The electro-acoustic transducer may include a frame connecting the diaphragm and a voice coil, wherein the frame is configured to transfer sound producing vibration from the voice coil to the diaphragm. The voice coil may be substantially planar. The frame may suspend the diaphragm in relation to the voice coil. The first accordion-type structure may suspend the diaphragm in relation to the voice coil.
In another example, an electro-acoustic transducer includes a diaphragm including first and second edges and a first accordion-type structure in contact with the first edge. A second accordion-type structure is in contact with the second edge. The diaphragm and the first and second accordion-type structures form a partial cavity and each vibrate to produce sound.

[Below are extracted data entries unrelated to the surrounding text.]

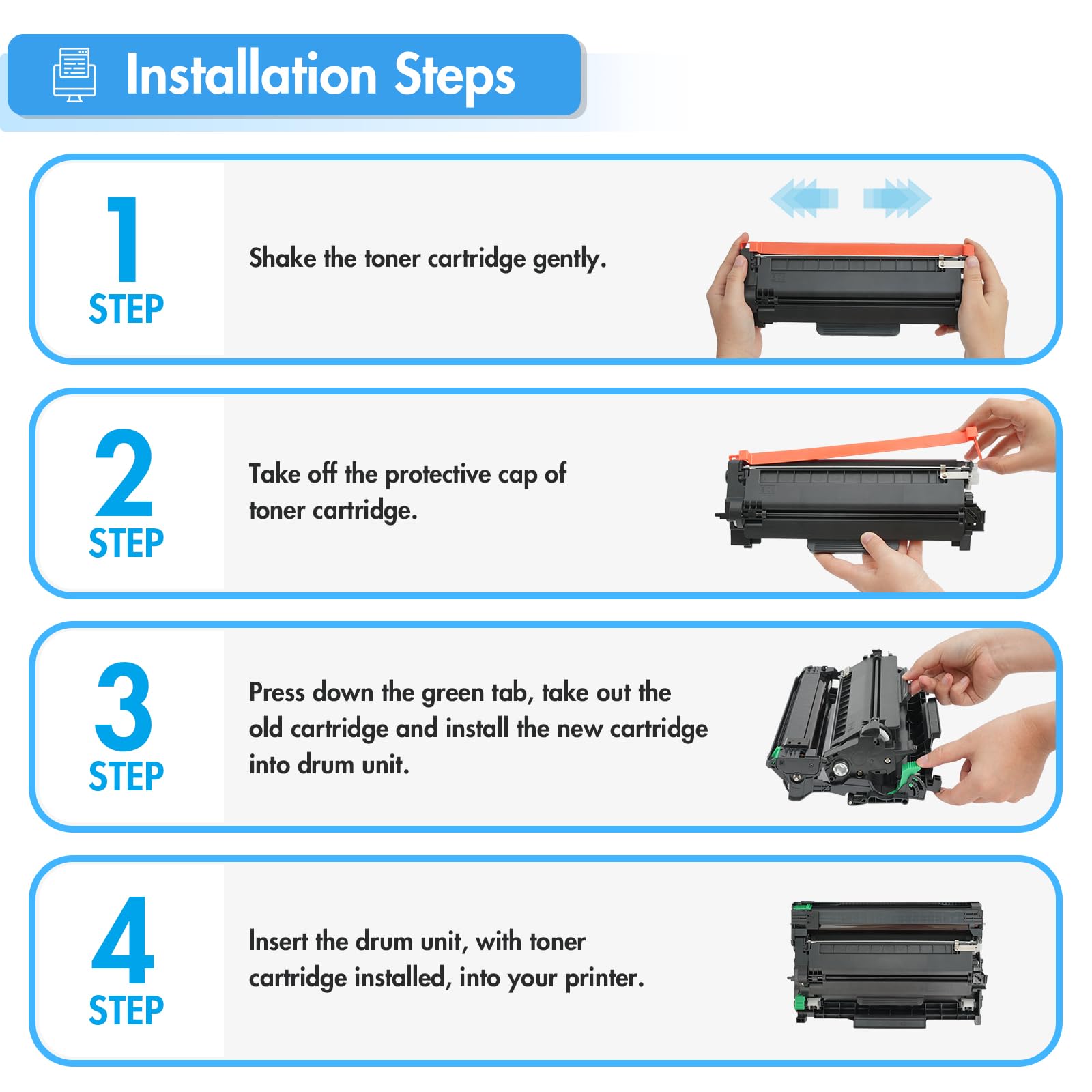 • Compatible for Brother Printer: MFC-L2710DW MFC-L2730DW MFC-L2750DW MFC-L2750DWXL; DCP-L2550DW; HL-L2350DW HL-L2370DW HL-L2370DWXL HL-L2390DW HL-L2395DW
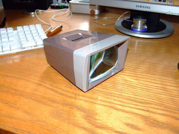 El original visor de diapositiva utilizado es algo raro Photax Solar 3. Esto fue elegido porque se podía comprar a un amigo para dos pintas :D Antes de vino de una tienda de cámaras de segunda mano que me han dicho.
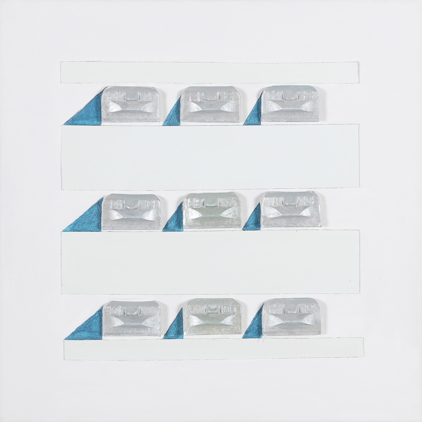 ATELIER D'ART Lot consists of two works. Mixed media on canvas board. . 1. Horizon, descriptive title block to the back and stamp curated by Atelier d'Art, Nice. Authentic curated by Atelier d'Art. 2. East, 40x40 cm, the back descriptive title block and stamp curated by Atelier d'Art, Nice. Authentic curated by Atelier d'Art.. Cornice presente
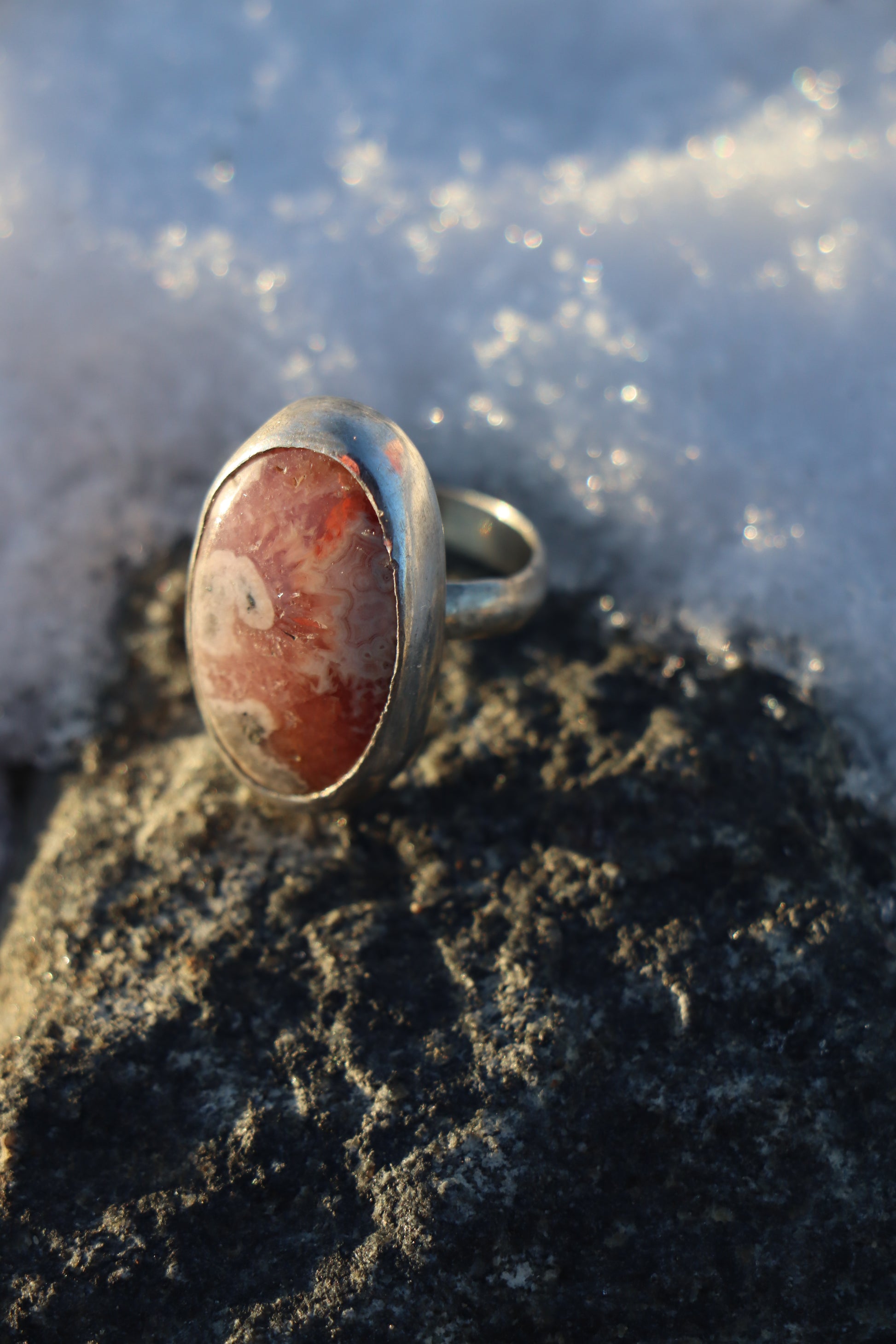 Rhodochrosite Stone bezel set in 925 Sterling Silver

Examples may include one of the following features, or any combination thereof. The electro-acoustic transducer may further include a frame connecting the diaphragm and a voice coil, wherein the frame is configured to transfer sound producing vibration from the voice coil to the diaphragm. The voice coil may be substantially planar.
The electro-acoustic transducer may further include sound insulating material in contact with at least the first accordion-type structure.
The diaphragm may be substantially planar.
The first and second accordion-type structures may form an acoustic seal with the diaphragm and a support structure.
In another example, an electro-acoustic transducer includes a substantially planar diaphragm and at least one accordion-type structure connecting the diaphragm to a support structure. A sound insulating material is in contact with the at least one accordion-type structure. A frame is connecting the diaphragm and a voice coil. The frame is configured to transfer sound producing vibration from the voice coil to the diaphragm. The diaphragm and the at least one accordion-type structure each vibrate to produce sound.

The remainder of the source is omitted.